PROBLEM TO WORK ON: Using the entries below, copy exactly each line from the line with "D Harf Folyo" up to and including the line with "隨著春節的臨近,廣西南寧市交", with every picture left out.

Excerpts from a dataset
▼

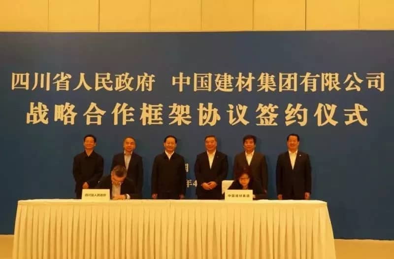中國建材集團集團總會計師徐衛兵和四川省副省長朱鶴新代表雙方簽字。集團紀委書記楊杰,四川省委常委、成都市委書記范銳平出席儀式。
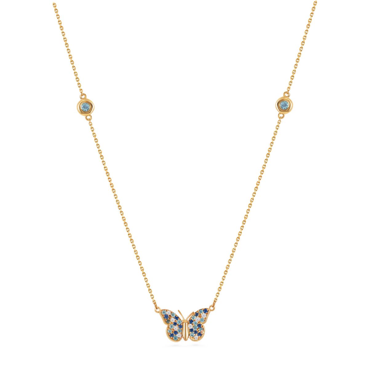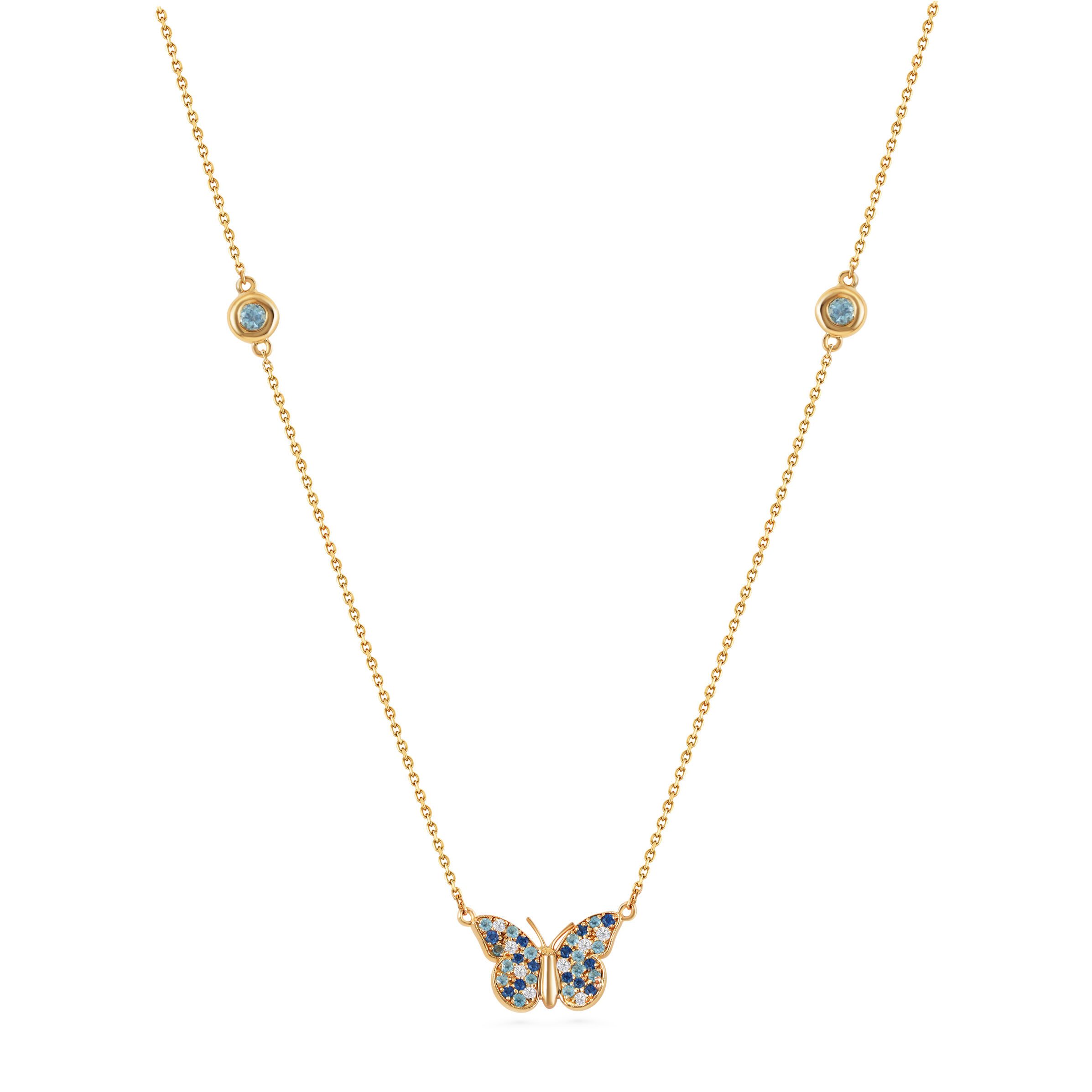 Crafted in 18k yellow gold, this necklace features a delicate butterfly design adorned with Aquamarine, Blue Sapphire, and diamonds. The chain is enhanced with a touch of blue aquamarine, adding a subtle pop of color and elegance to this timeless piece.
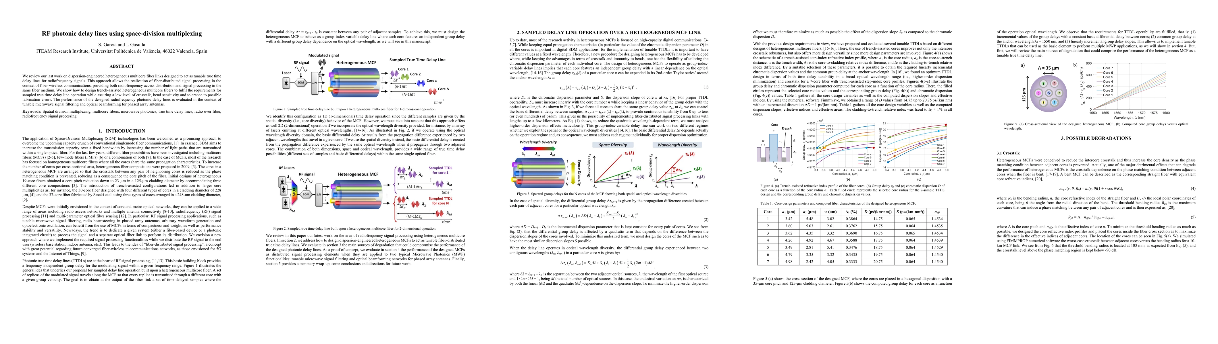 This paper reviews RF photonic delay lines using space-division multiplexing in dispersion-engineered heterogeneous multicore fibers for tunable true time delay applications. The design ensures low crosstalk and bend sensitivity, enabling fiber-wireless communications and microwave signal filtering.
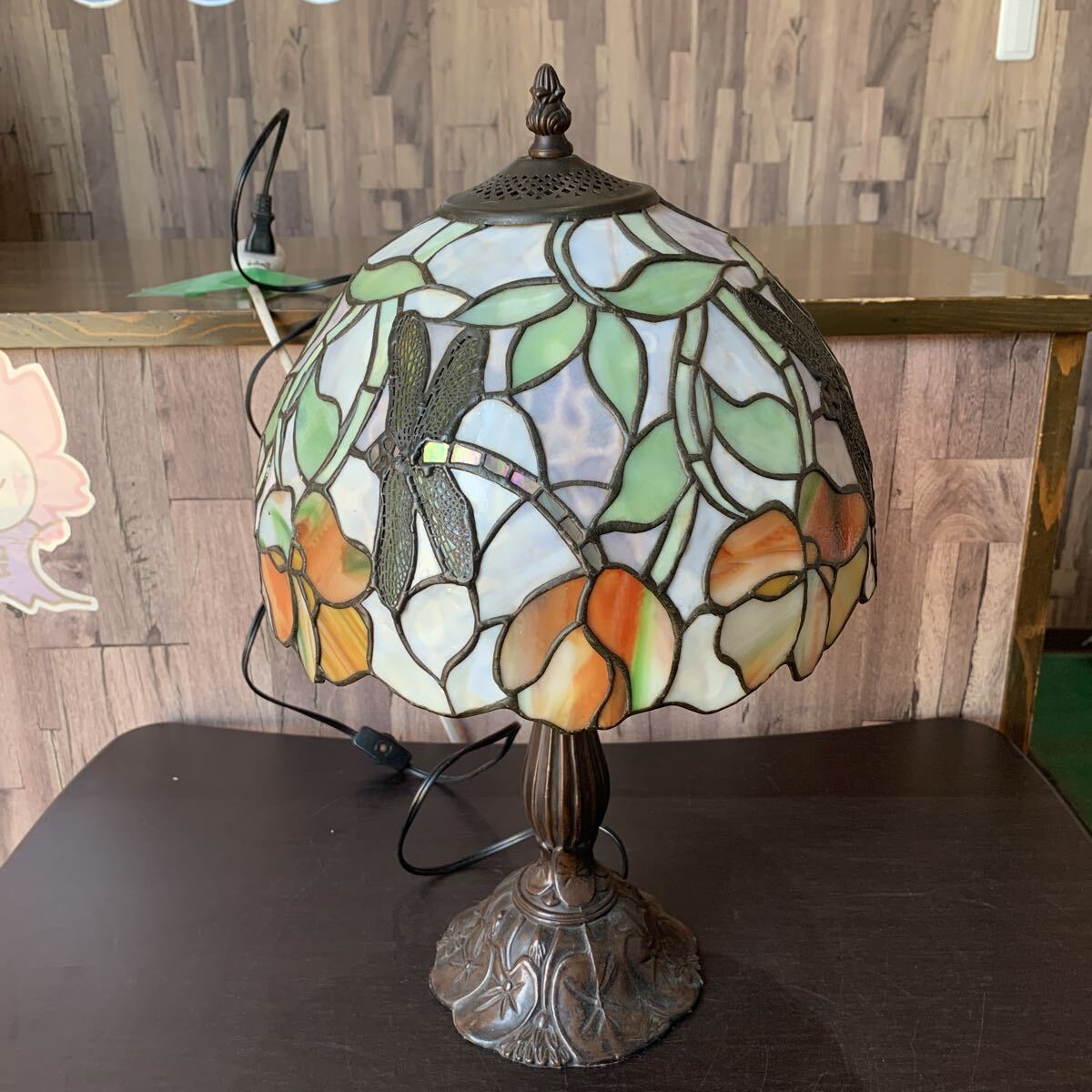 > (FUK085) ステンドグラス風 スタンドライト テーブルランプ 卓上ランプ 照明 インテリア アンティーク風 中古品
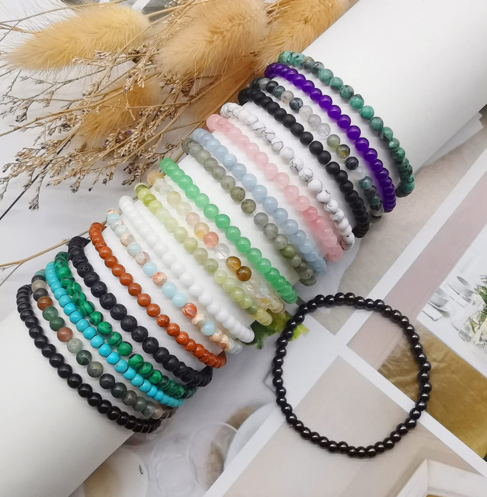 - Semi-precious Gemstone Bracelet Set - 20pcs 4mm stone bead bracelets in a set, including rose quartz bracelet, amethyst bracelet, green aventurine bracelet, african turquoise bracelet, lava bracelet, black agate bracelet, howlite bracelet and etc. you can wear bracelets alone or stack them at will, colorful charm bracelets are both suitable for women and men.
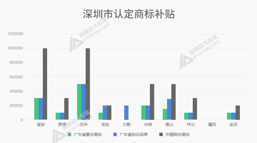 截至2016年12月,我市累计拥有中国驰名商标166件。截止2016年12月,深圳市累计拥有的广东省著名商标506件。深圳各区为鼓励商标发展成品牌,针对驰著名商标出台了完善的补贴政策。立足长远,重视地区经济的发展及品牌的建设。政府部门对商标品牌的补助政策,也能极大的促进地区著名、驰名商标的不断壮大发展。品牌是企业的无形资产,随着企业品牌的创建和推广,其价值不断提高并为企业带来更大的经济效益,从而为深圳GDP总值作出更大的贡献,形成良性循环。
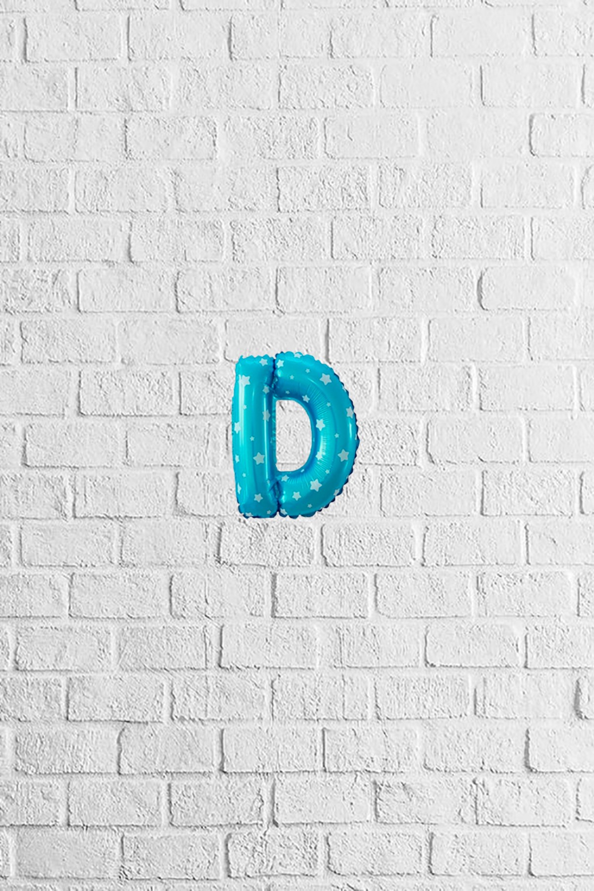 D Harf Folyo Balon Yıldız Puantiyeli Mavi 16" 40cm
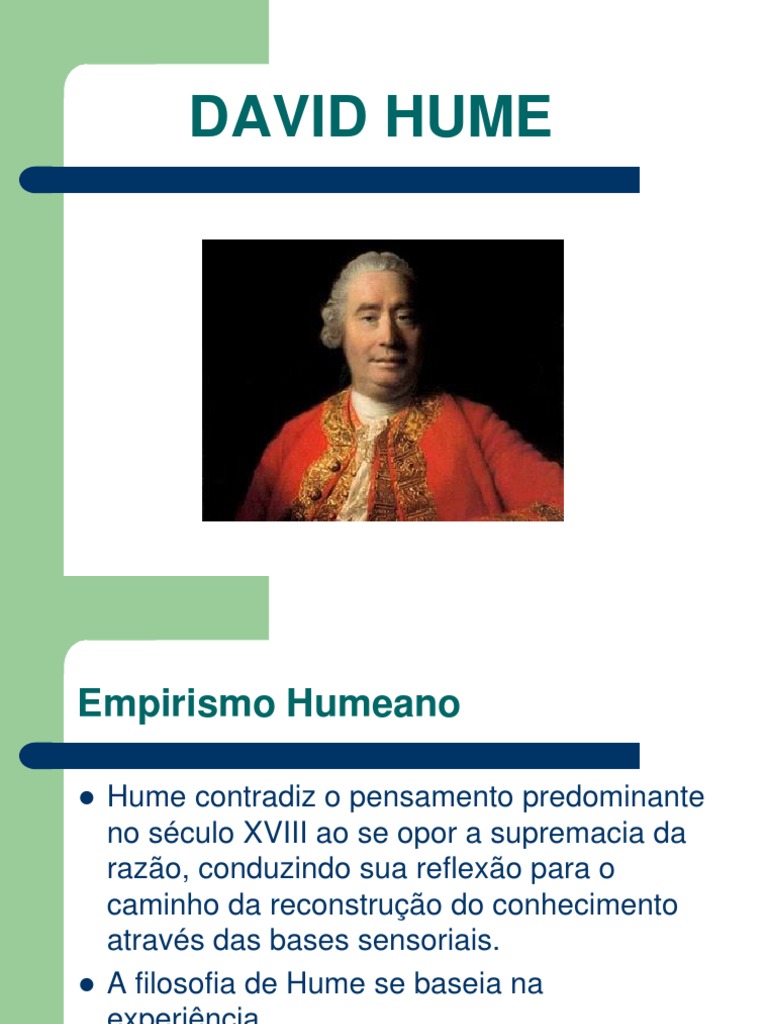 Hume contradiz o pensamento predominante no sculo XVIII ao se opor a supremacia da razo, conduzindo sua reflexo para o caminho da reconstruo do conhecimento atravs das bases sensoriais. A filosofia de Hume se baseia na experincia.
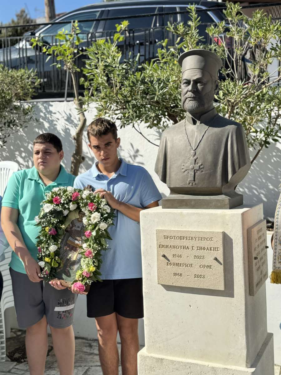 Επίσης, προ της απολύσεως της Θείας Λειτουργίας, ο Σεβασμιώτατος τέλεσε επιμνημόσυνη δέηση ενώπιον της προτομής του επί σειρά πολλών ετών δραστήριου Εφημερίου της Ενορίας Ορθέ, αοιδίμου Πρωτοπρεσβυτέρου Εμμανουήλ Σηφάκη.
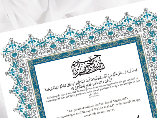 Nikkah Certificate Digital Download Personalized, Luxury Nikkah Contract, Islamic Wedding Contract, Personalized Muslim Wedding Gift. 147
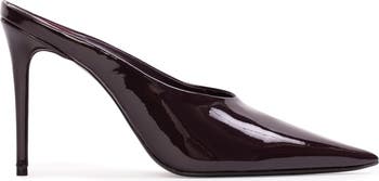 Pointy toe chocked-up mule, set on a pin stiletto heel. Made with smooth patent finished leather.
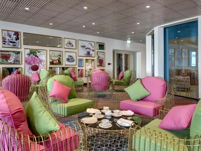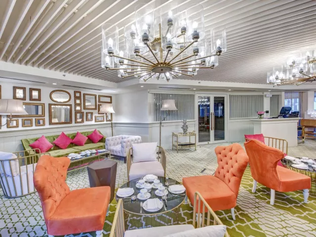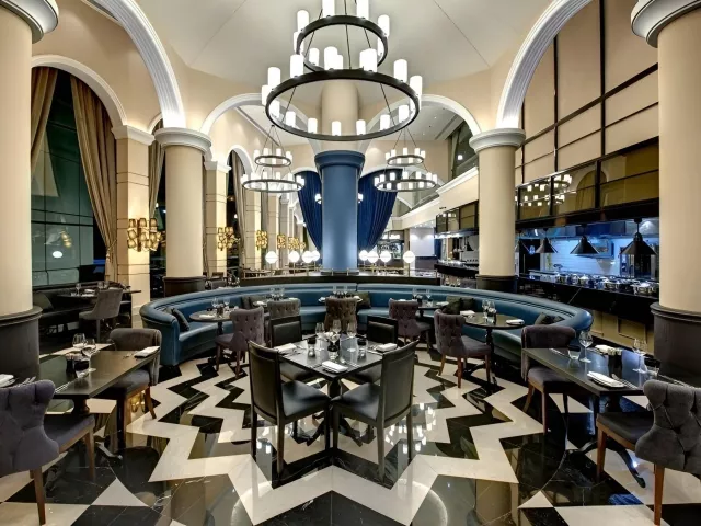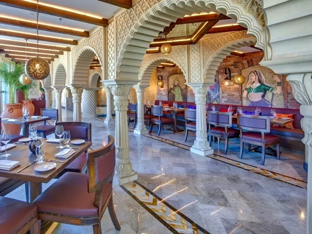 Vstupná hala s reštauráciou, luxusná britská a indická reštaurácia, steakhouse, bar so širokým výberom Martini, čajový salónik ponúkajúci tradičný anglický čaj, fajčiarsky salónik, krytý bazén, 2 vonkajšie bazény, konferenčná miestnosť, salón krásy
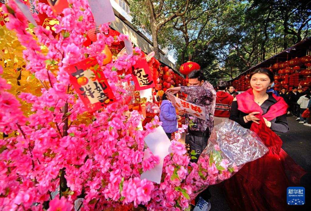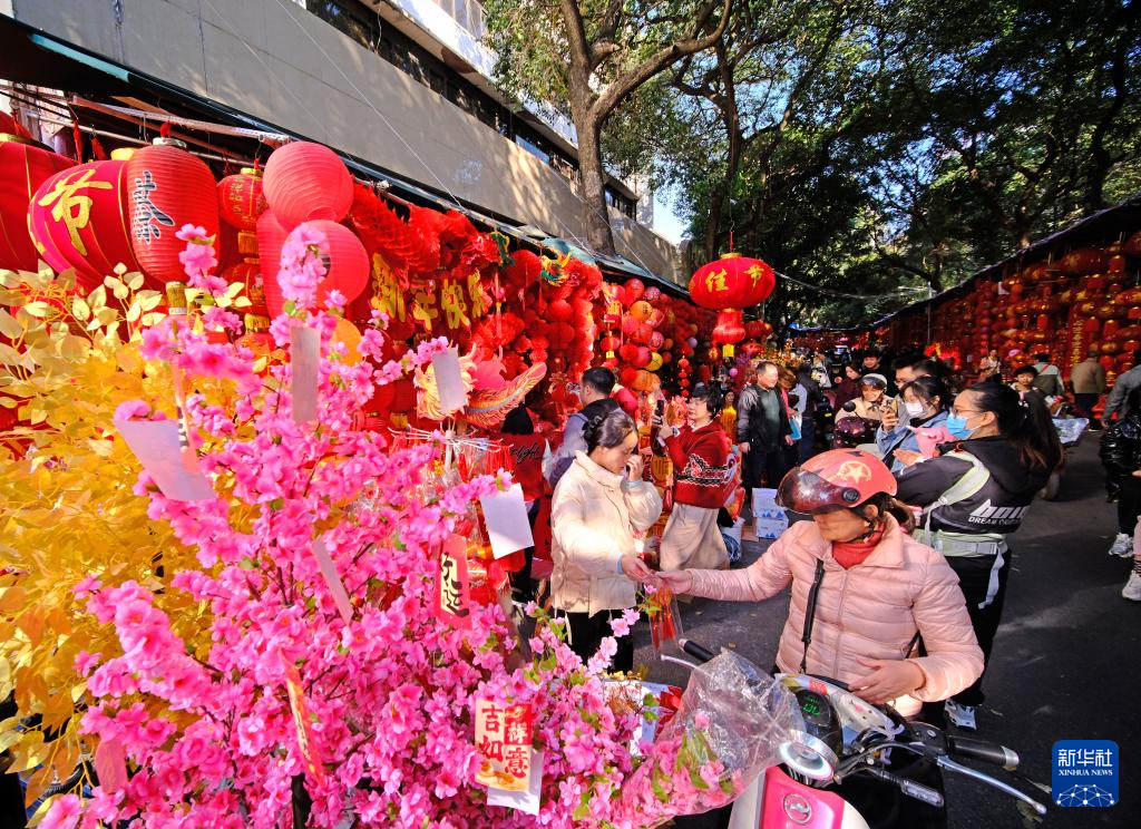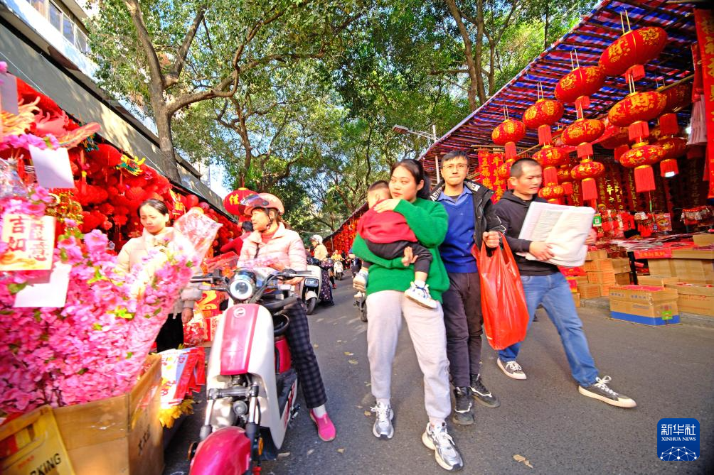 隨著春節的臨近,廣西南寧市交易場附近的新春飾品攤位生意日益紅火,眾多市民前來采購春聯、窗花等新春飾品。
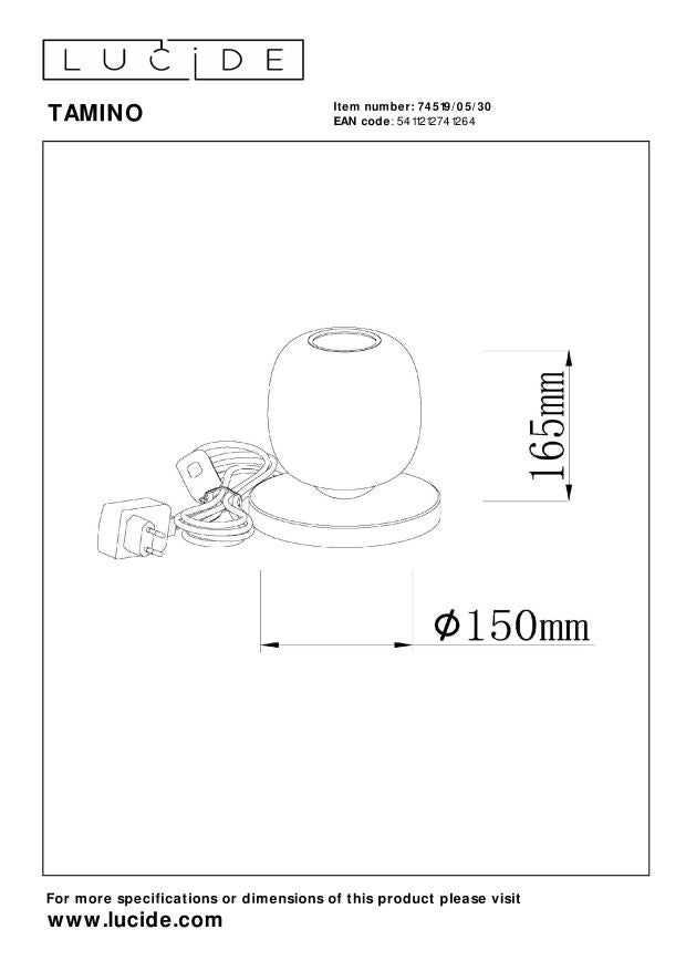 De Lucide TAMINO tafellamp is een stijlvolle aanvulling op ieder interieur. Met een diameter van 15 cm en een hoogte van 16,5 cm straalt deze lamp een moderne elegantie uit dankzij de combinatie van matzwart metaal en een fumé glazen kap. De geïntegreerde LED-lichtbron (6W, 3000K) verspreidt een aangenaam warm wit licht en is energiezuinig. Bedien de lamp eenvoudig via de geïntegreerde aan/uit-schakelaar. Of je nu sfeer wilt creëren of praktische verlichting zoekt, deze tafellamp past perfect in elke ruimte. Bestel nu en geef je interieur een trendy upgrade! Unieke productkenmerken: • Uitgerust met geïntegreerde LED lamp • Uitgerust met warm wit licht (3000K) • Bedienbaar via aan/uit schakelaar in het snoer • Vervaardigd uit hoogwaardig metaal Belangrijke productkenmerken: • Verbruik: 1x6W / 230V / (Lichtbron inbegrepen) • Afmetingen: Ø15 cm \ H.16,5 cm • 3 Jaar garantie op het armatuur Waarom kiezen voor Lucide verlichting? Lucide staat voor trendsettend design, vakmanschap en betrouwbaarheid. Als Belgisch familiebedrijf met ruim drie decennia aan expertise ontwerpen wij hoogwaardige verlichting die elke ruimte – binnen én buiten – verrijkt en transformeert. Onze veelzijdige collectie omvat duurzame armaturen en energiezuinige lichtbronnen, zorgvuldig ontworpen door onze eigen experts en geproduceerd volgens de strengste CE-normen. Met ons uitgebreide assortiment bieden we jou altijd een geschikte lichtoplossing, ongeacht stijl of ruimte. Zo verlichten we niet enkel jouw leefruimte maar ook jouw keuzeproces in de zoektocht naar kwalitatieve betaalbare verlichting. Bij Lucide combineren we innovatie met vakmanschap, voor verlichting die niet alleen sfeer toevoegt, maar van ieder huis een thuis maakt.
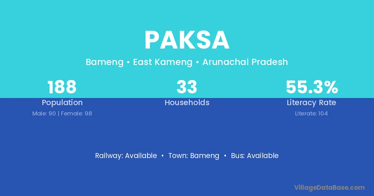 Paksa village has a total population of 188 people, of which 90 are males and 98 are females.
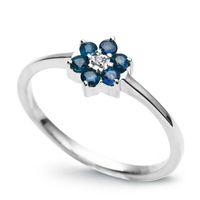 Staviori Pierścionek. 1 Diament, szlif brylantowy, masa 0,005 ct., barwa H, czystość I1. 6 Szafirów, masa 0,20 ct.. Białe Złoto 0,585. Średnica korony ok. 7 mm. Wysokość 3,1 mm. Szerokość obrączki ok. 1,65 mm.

▲

ANSWER SPACE:
 D Harf Folyo Balon Yıldız Puantiyeli Mavi 16" 40cm
 Hume contradiz o pensamento predominante no sculo XVIII ao se opor a supremacia da razo, conduzindo sua reflexo para o caminho da reconstruo do conhecimento atravs das bases sensoriais. A filosofia de Hume se baseia na experincia.
 Επίσης, προ της απολύσεως της Θείας Λειτουργίας, ο Σεβασμιώτατος τέλεσε επιμνημόσυνη δέηση ενώπιον της προτομής του επί σειρά πολλών ετών δραστήριου Εφημερίου της Ενορίας Ορθέ, αοιδίμου Πρωτοπρεσβυτέρου Εμμανουήλ Σηφάκη.
 Nikkah Certificate Digital Download Personalized, Luxury Nikkah Contract, Islamic Wedding Contract, Personalized Muslim Wedding Gift. 147
 Pointy toe chocked-up mule, set on a pin stiletto heel. Made with smooth patent finished leather.
 Vstupná hala s reštauráciou, luxusná britská a indická reštaurácia, steakhouse, bar so širokým výberom Martini, čajový salónik ponúkajúci tradičný anglický čaj, fajčiarsky salónik, krytý bazén, 2 vonkajšie bazény, konferenčná miestnosť, salón krásy
 隨著春節的臨近,廣西南寧市交易場附近的新春飾品攤位生意日益紅火,眾多市民前來采購春聯、窗花等新春飾品。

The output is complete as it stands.